EXERCISE DETAILS >>
Reproduce the opening lines of the listing below exactly, stopping after the line that contains "Then it was" and leaving out any pictures.

DATA EXCERPT >>
------
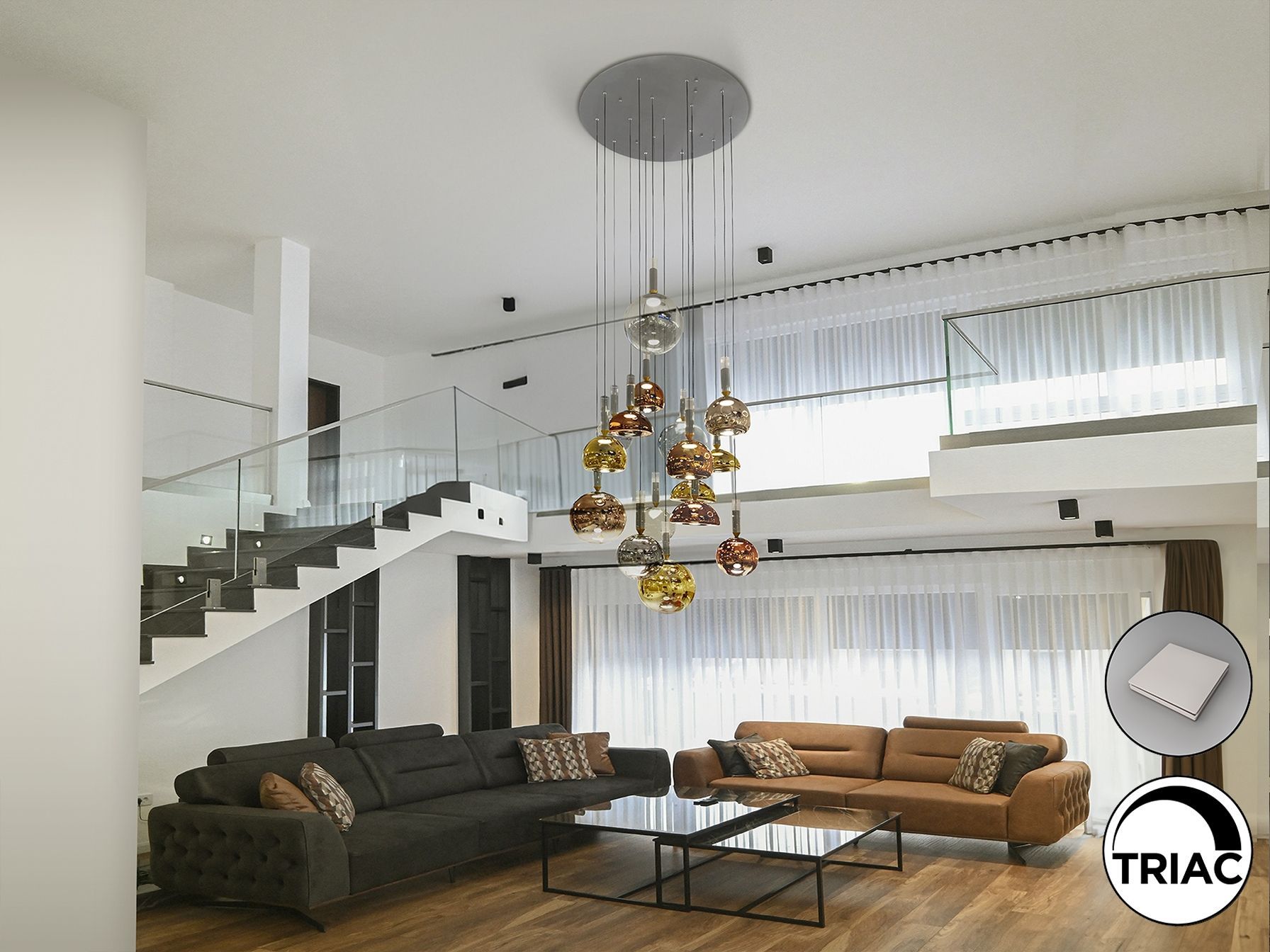 В этом изделии используется светодиодный драйвер с симистором и регулировкой яркости 0–10 В, в комплект входит набор диммера с диммером и радиочастотным пультом дистанционного управления, или его можно регулировать с помощью симистора или настенного диммера 0–10 В. · Эта лампа поставляется с ГРАВИТАЦИОННЫМИ ПЕРЕКЛЮЧАТЕЛЯМИ для улучшения крепления к потолку.
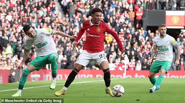 虎扑10月17日讯 英格兰国脚,曼联边锋桑乔昨晚在禁区内被喜鹊中场肖恩-朗斯塔夫铲倒,而主裁判并不认为这是犯规。
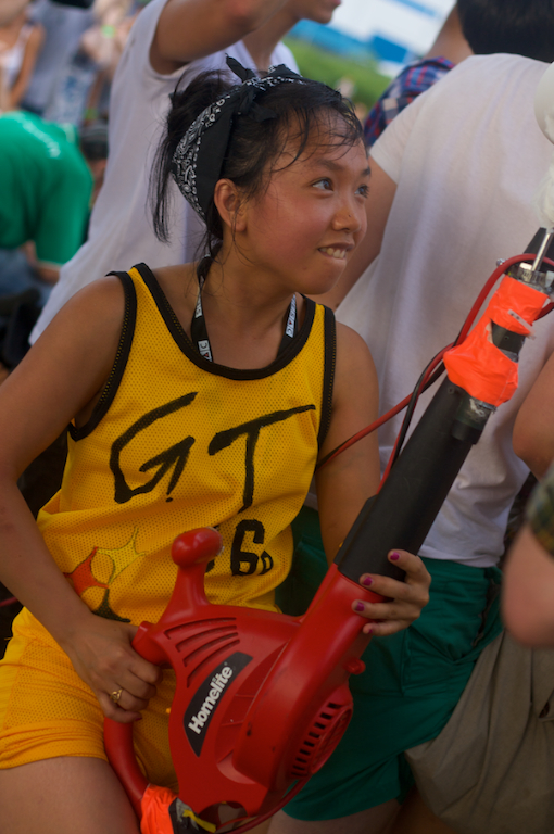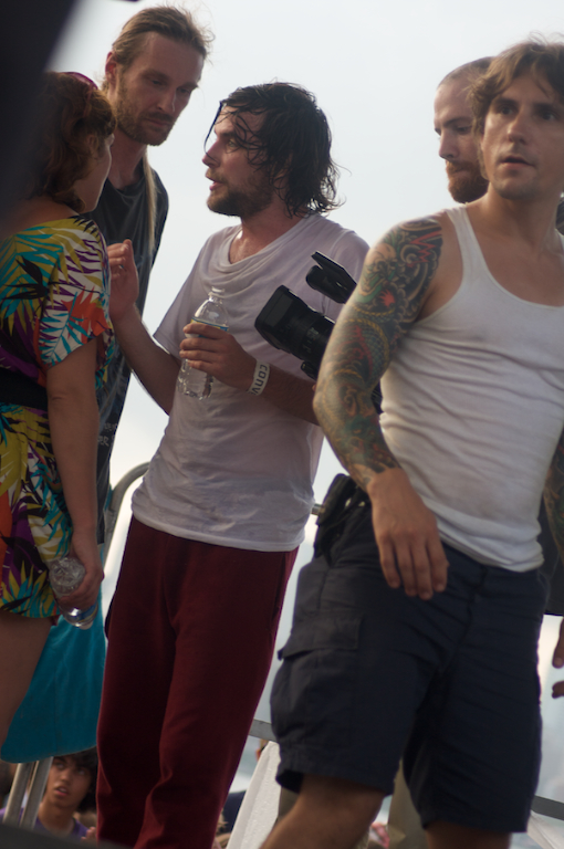 Then it was time for Gregg Gillis, playing to a park that stopped admitting people an hour before his set and saw its massive lines for admission splinter into ill-advised attempts to scale the perimeter fences (which ended in at least three arrests, from what I saw). There was a line of state patrolmen keeping people from rushing Gillis's table head on, but still plenty of people onstage dancing. The music stopped twice: the first time Gregg fixed it quickly and also revealed the inner workings of the Girl Talk laptop software magic ("Brooklyn can I get real with y'all? My backstage pass hit the space bar and the music stopped."), the next was because the dancing nearly broke the stage. It was fixed, then it started raining, just enough to convince the Jefferey Dahmer via Bedford Ave looking bro to my left to mercilessly strip off his tank top and anchor a big pocket of not-so-dry-humping danceheads. Perrrrfect. We had photographer Graeme Flegenheimer there to show you a bit of what I'm talking about.
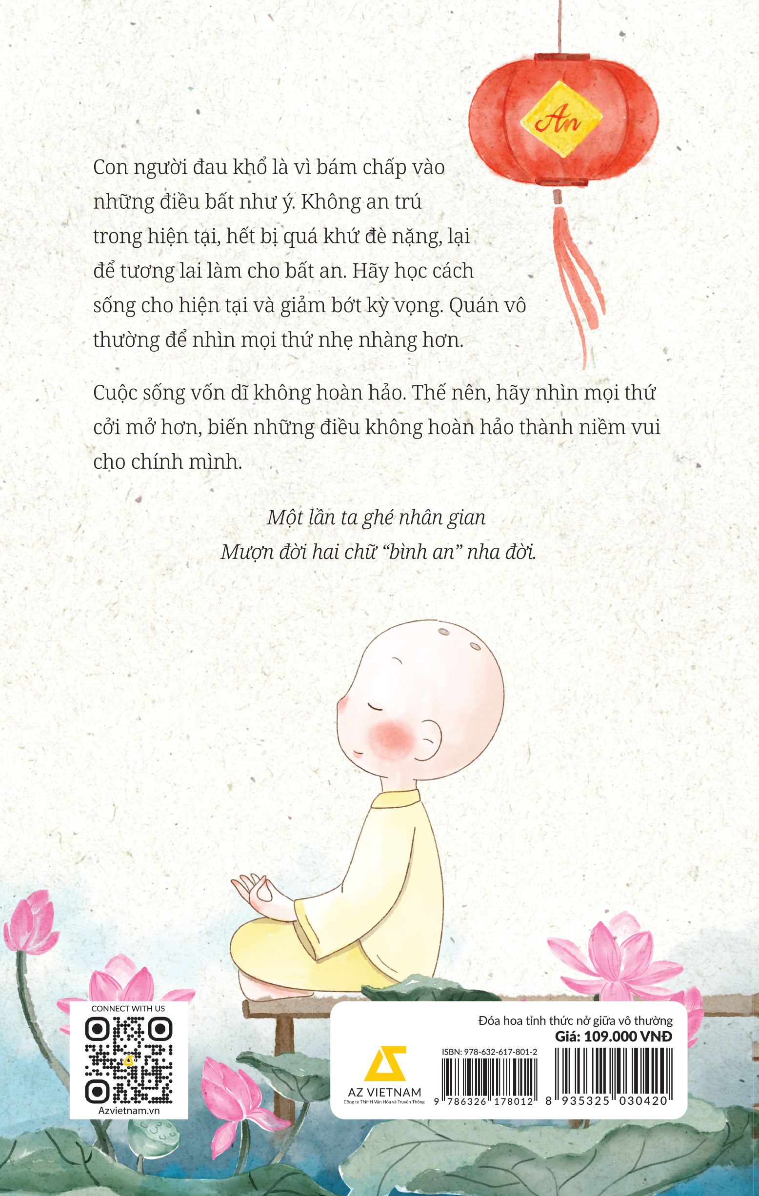 “Đóa hoa tỉnh thức nở giữa vô thường” là tập thơ kết hợp tô màu giúp bạn buông bớt những vội vàng, thong dong mọi nẻo đường! “Hạnh phúc là gì nhỉ Là nhà rộng, xe sang Là công danh địa vị Là quyền lực ngút ngàn Hạnh phúc là mặc đẹp Ăn hải vị sơn hào Ấm êm trong nhung lụa Là một bước lên cao” Khi trẻ, ta thường nghĩ hạnh phúc là có thật nhiều thành công, có tiền bạc, danh vọng, có được ánh nhìn ngưỡng mộ của người khác. Nhưng rồi, những chông chênh, mất mát, những đêm dài không ngủ và những lần gục ngã cho ta thấy tất cả đều chỉ là tạm bợ. Có tiền mà bất an, có danh mà lo lắng, thì niềm vui cũng ngắn ngủi. Ngược lại, chỉ cần trong lòng bình thản, ngay cả bữa cơm đơn sơ, một ngày nắng nhẹ, một buổi chiều ngồi nghe tiếng gió, cũng đã thấy đủ đầy. “Đóa hoa tỉnh thức nở giữa vô thường” là khoảng lặng giữa thế gian vô thường, ôm lấy những phiền muộn của bạn, nơi bạn có thể buông bỏ bớt tham cầu, giữ lòng rộng mở để yêu thương đủ đầy và sống thật với mình. Sau cùng, cuộc đời này không đo bằng bao nhiêu thứ ta sở hữu, mà bằng trạng thái tâm hồn khi đêm về lòng nhẹ nhõm, khi sáng ra có thể mỉm cười chào một ngày mới. Và đó mới là tài sản quý giá nhất. “Nếu một hôm thấy cuộc đời mệt quá Xin hãy dừng lại hít thở sâu Đừng ép mình bởi đời nhiều vất vả Hãy nhẹ nhàng gỡ rối, chẳng sao đâu.”
------
YOUR SOLUTION >>
 В этом изделии используется светодиодный драйвер с симистором и регулировкой яркости 0–10 В, в комплект входит набор диммера с диммером и радиочастотным пультом дистанционного управления, или его можно регулировать с помощью симистора или настенного диммера 0–10 В. · Эта лампа поставляется с ГРАВИТАЦИОННЫМИ ПЕРЕКЛЮЧАТЕЛЯМИ для улучшения крепления к потолку.
 虎扑10月17日讯 英格兰国脚,曼联边锋桑乔昨晚在禁区内被喜鹊中场肖恩-朗斯塔夫铲倒,而主裁判并不认为这是犯规。
 Then it was time for Gregg Gillis, playing to a park that stopped admitting people an hour before his set and saw its massive lines for admission splinter into ill-advised attempts to scale the perimeter fences (which ended in at least three arrests, from what I saw). There was a line of state patrolmen keeping people from rushing Gillis's table head on, but still plenty of people onstage dancing. The music stopped twice: the first time Gregg fixed it quickly and also revealed the inner workings of the Girl Talk laptop software magic ("Brooklyn can I get real with y'all? My backstage pass hit the space bar and the music stopped."), the next was because the dancing nearly broke the stage. It was fixed, then it started raining, just enough to convince the Jefferey Dahmer via Bedford Ave looking bro to my left to mercilessly strip off his tank top and anchor a big pocket of not-so-dry-humping danceheads. Perrrrfect. We had photographer Graeme Flegenheimer there to show you a bit of what I'm talking about.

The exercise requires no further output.